W 32. kolejce PKO Ekstraklasy Raków Częstochowa zmierzy się na wyjeździe z Koroną Kielce. Do tej pory oba zespoły grały ze sobą dziesięć razy, dzieląc się zwycięstwami równo – po pięć dla każdej z drużyn. Początek spotkania dzisiaj o godz. 18.00 na kieleckiej Suzuki Arenie.

Po 31. kolejkach PKO Ekstraklasy Raków Częstochowa zajmuje 10. miejsce w tabeli, natomiast Korona Kielce 14. Poprzedni mecz Czerwono-Niebieskich ze Złocisto-Krwistymi odbył się 23 listopada 2019 roku i zakończył wygraną kielczan. O zeszłorocznym spotkaniu mówi Igor Sapała, pomocnik Rakowa.

– Najważniejsze jest to, aby się podnieść po poprzednim spotkaniu i stawić czoła przeciwnikowi. Nie wyobrażam sobie innego rozwiązania. Jeżeli nie będzie naszej mobilizacji, zaangażowania to nasz udział w rozgrywkach nie miałby sensu. Piłkarze są zmotywowani. Widać, że bardzo im zależy na kolejnych zwycięstwach.
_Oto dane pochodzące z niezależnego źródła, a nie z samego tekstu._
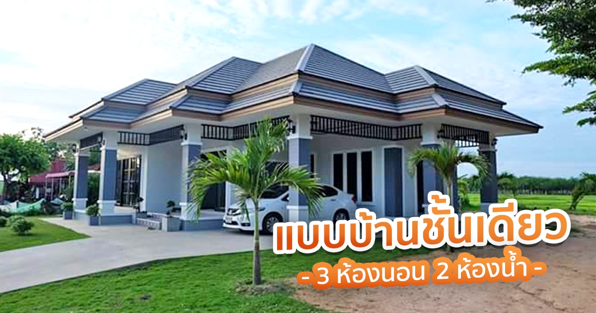 แบบบ้านชั้นเดียว 3 ห้องนอน 2 ห้องน้ำ งบก่อสร้าง 1.9 ล้าน สวยงามทั้งภายนอกและภายใน
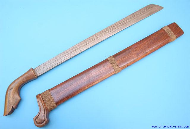 A classical Parang sword from Java, Indonesia, with an 19 inches long very well forged pamor blade. Horn handle. Wood Scabbard. Total length 26 inches. Very good condition.
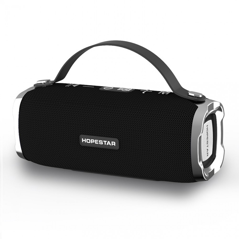 Hopestar H24 имеет форму “бочки”, корпус обтянут жесткой тканью, по бокам металлические накладки, кнопки управления сделаны из металла, сверху акустики прикреплён резиновый ремень, разъемы в задней части закрыты резиновой заглушкой. В колонке 2 динамика размером 57 мм и по бокам 2 пассивных излучателя. В колонке USB разъём используется для воспроизведения с флешек, microUSB – для зарядки колонки и как вход для FM антенны, антенной служит комплектный USB-кабель с интерфейсом microUSB.
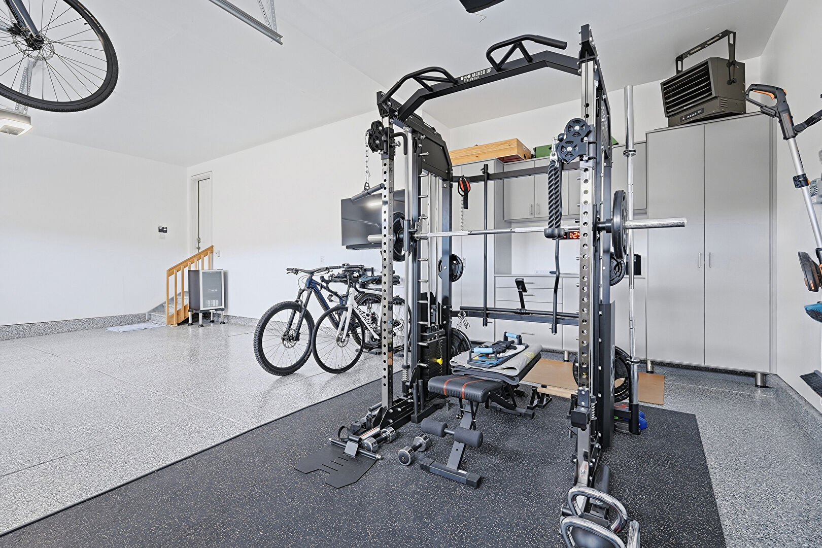 Baseboards Wall, Ceiling Mounted Heater, Drywall, Garage, Garage Door Opener, Baseboards Wall, Drywall
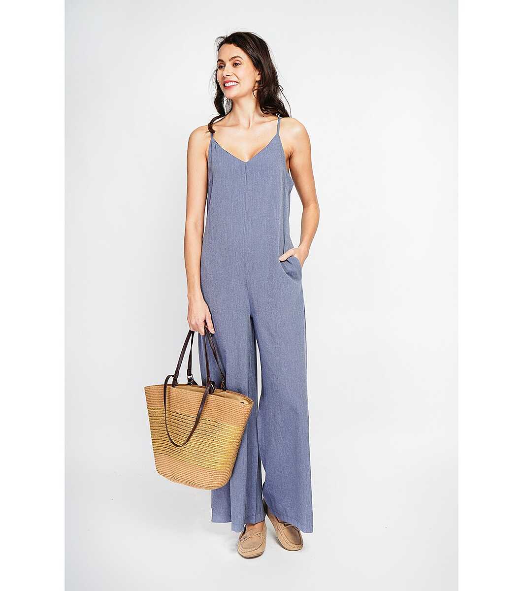 William de Faye Salopetă de damă albastră din bumbac și in Decolteu în V
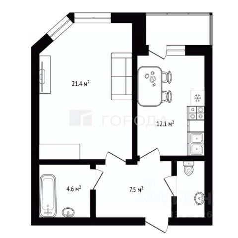 - Общая площадь: 48 м2
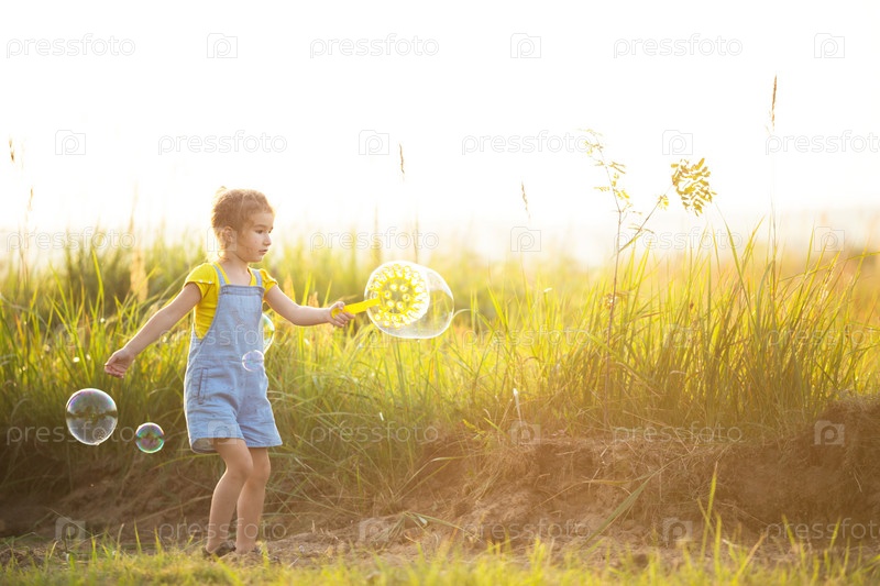Девушка в джинсовом комбинезоне пускает мыльные пузыри летом в поле на закате. Международный день защиты детей, счастливый ребенок, мероприятия на свежем воздухе. Летний фон. Здоровый и экологичный образ жизни
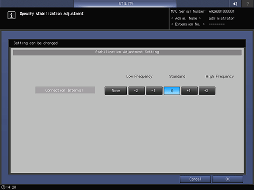 Press System Setting on the Administrator Setting Menu screen, and then press Expert Adjustment, Quality Adjustment, and Stabilization Adj. Setting in sequence.
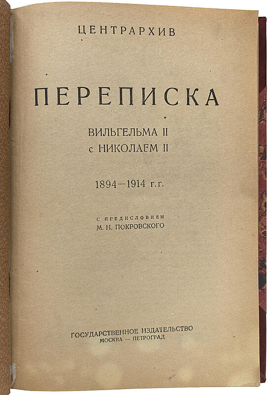 Антикварная книга "Переписка Вильгельма II с Николаем II" ОПИСАНИЕ С предисловием М.Н. Покровского. Переписка императора Николая II и Вильгельма II печатается в русском переводе с английских подлинников и собственноручных копий, хранившихся в Госархиве РСФСР. С предисловием М.Н. Покровского. В приложении алфавитный именной указатель, факсимиле некоторых писем и справочник политических событий, упоминаемых в переписке. Говорить о значении переписки как исторического источника не приходится. Для изучающего международные отношения конца XIX — начала XX века — это документ первостепенной важности. Наибольшую ценность в этом отношении представляют более ранние письма — до 1907 года. Тут мы воочию видим, как глубоко уходят в прошлое корни мировой войны 1914 года.
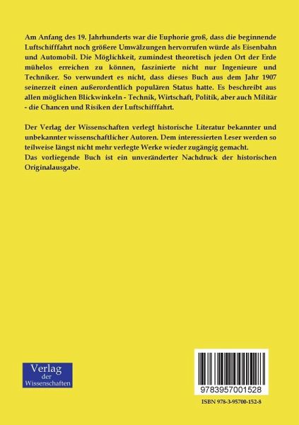 Am Anfang des 19. Jahrhunderts war die Euphorie groß, dass die beginnende Luftschifffahrt noch größere Umwälzungen hervorrufen würde als Eisenbahn und Automobil. Die Möglichkeit, zumindest theoretisch jeden Ort der Erde mühelos erreichen zu können, faszinierte nicht nur Ingenieure und Techniker. So verwundert es nicht, dass dieses Buch aus dem Jahr 1907 seinerzeit einen außerordentlich populären Status hatte. Es beschreibt aus allen möglichen Blickwinkeln - Technik, Wirtschaft, Politik, aber auch Militär - die Chancen und Risiken der Luftschifffahrt.
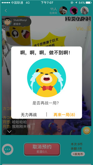 我们还创造性地加入了直播元素!如果您允许开放前置摄像头及麦克风权限,就可以边玩边和围观群众谈笑风生!如果害羞,也可以残忍拒绝!
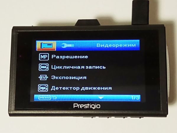 На основной экран выводятся все текущие параметры записи, включая разрешение, пиктограмму включенного микрофона и источник питания (бортовая сеть или аккумулятор). Также можно посмотреть дату и время и при необходимости подкорректировать их. Словом, с освоением программной части проблем ни у кого не возникнет.
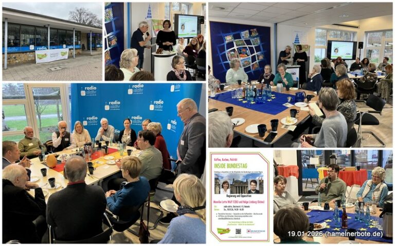 Hameln, 20.01.2026: Hier einige Bilder zum Verlauf der Veranstaltung „Inside Bundestag – Regierung und Opossition“ mit den beiden MdB Mareike Lotte Wulf (CDU) und Helge Limburg (Grüne). Eine kurze Bewertung: Zwei Stunden dauerte das „Kaffee- und Kuchen – Gespräch“ am Sonntag. Eine Stunde davon waren die Tischgespräche. Jeweils um die 15 Personen hatten 15 Minuten … Danke zum Verlauf: „Inside Bundestag“ am 19.01.2026 weiterlesen
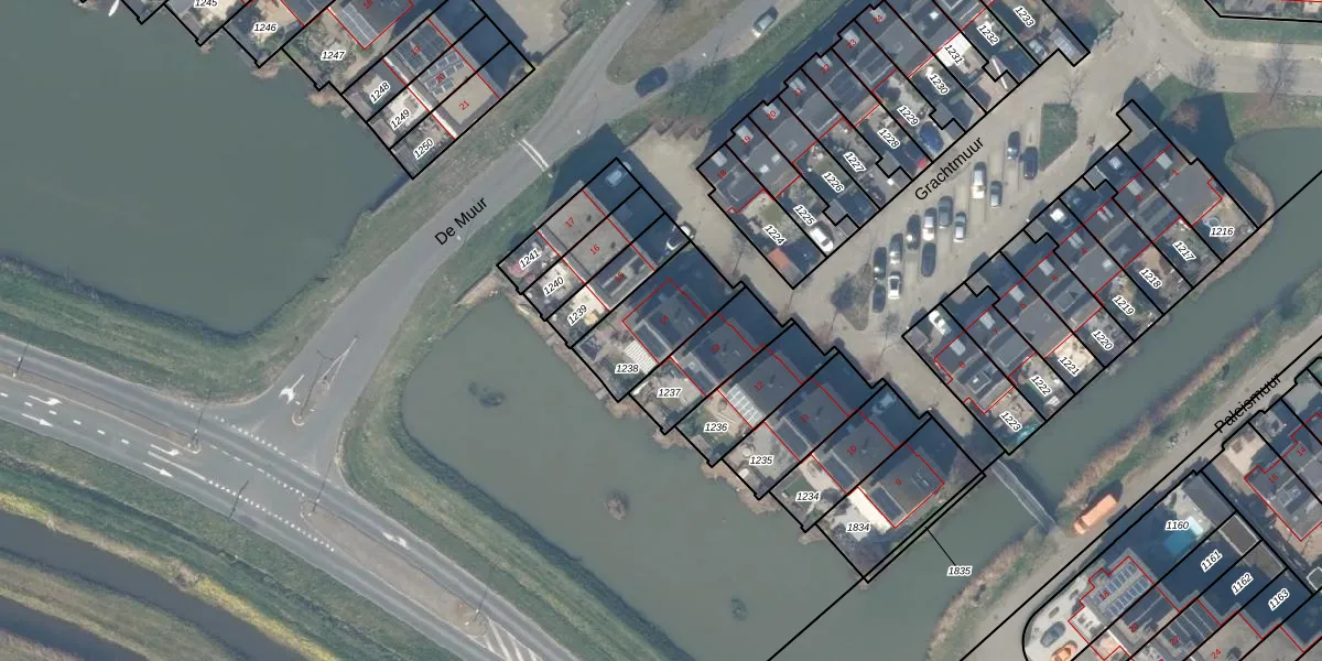 Het perceel waarop Grachtmuur 14 staat heeft een oppervlakte van 265 m². Dit is een middelgroot perceel. De perceeloppervlakte wordt geregistreerd door het Kadaster. Gedetailleerde informatie over de maten van dit perceel kunt u vinden in het rapport Kadastrale kaart met maatvoering van Grachtmuur 14.
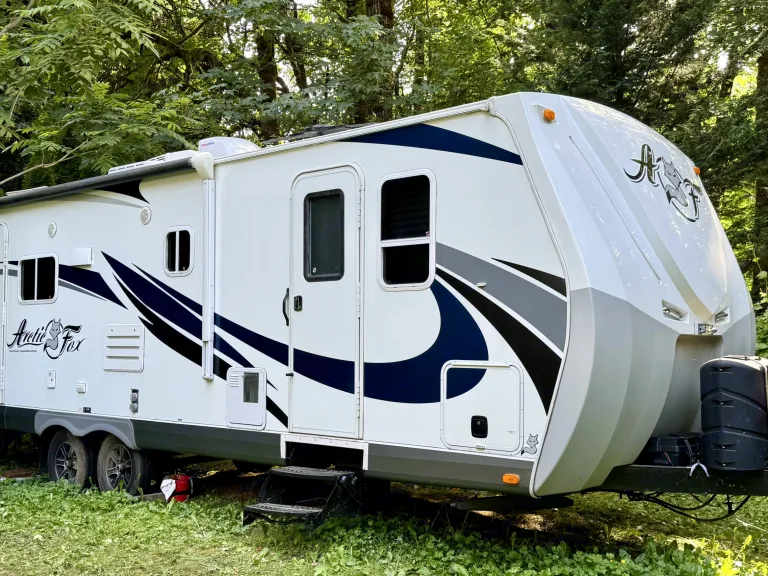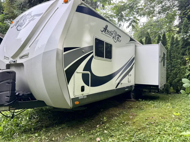 If you like to be out doors and in comfort this is the camper for you. From sitting in the recliners while having your morning caffeine admiring the view from the large windows or swivel the chair and watch some TV or kick back and listen to some music. Staning shower that is separate from the bathroom for that extra room when showering. Swimming or muddy from a trail? Use the out door shower to rinse off. Want to grill out side? Hook into the trailer with your grill and enjoy. Solar panels will make it so you have lights without running your generator or plugging in. Gas/electric water heater propane stove and a gas/electric refrigerator to give you more options if you cannot plug in.Autres points à signalerNo smoking or vaping inside of the camper smoke for obvious reasons. Vaping leaves an oily residue on windows and fixtures and is hard to clean. Thank you for your consideration and I hope you enjoy your trips
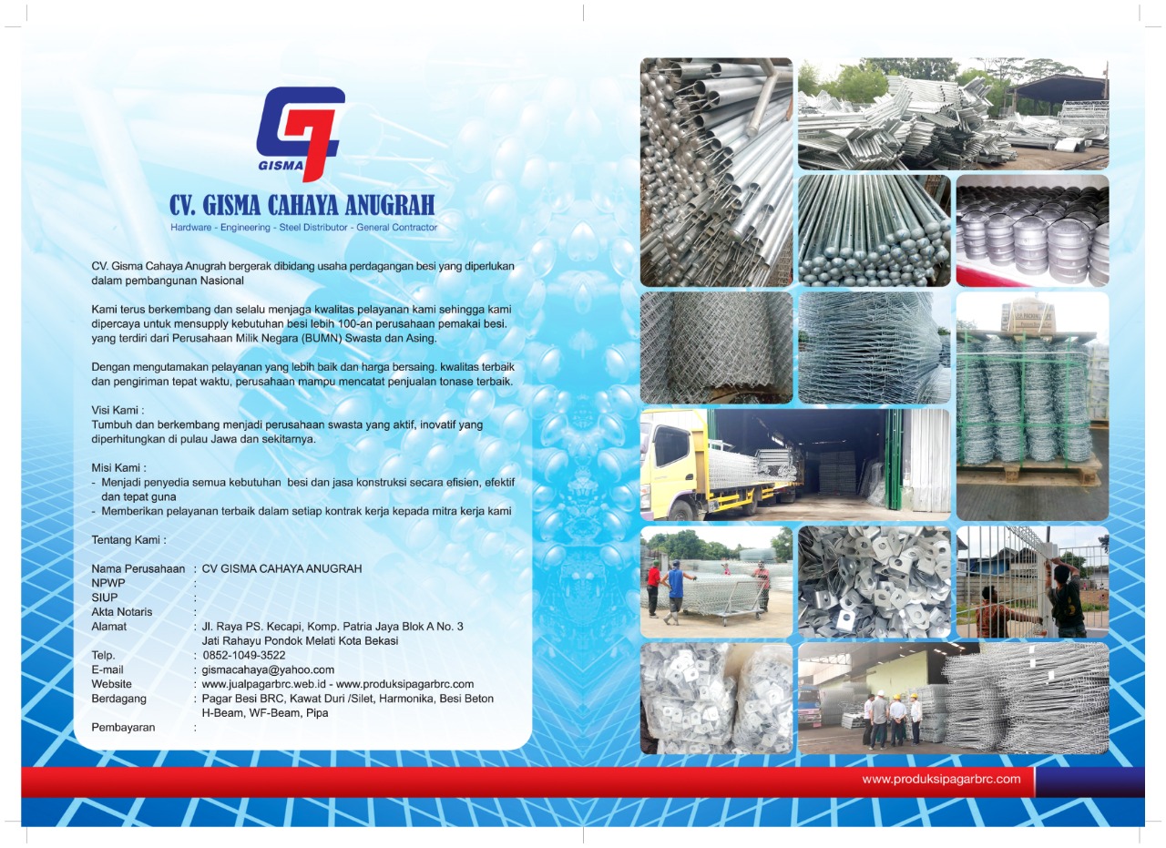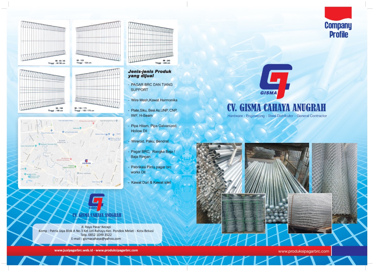 CV. Gisma Cahaya Anugrah, dalam memasarkan dan memasang pagar Brc yang didukung oleh beberapa pabrik pembuat pagar BRC se jabodetabek,dan mempunyai mitra jasa tenaga ahli pemasangan serta pabrikasi dan modifikasi. Ada dua bagian pagar BRC yang secara umum.
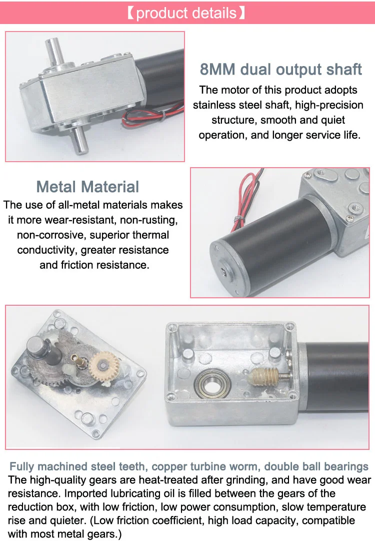 1) Before you buy, we have a reminder, please carefully check the following parameters table, you can see load torque and stall torque, if you choose one of the speed, your project loadcan not exceed load torque, otherwise the motor current will increase, the motor operating temperature increases, after a period of time, the gear will be worn, line will be burnd, the motor will be damaged, can not continue to work.

O poprzednim meczu mówi także Marek Papszun, trener drużyny Raków Częstochowa.

– Poprzedni mecz nie udał się, tak jak planowaliśmy. Teraz będziemy chcieli się zrewanżować. Dzisiaj, jako drużyna, jesteśmy w innym miejscu niż rok temu.

Dzisiejszy sportowy wieczór z pewnością wzbudzi spore emocje. Kielczanie są w strefie spadkowej i potrzebują zwycięstwa, aby nadal liczyć się w grze o utrzymanie. Do meczu z Koroną Kielce nie przystąpi Felicio Brown Forbes z Rakowa, co wynika z umowy transferowej zawartej między Klubami. Do kadry wraca natomiast Tomáš Petrášek, który w meczu z Wisłą Kraków nie wystąpił z powodu ośmiu żółtych kartek. Sebastian Musiolik przystąpi do starcia z trzema żółtymi kartkami na koncie.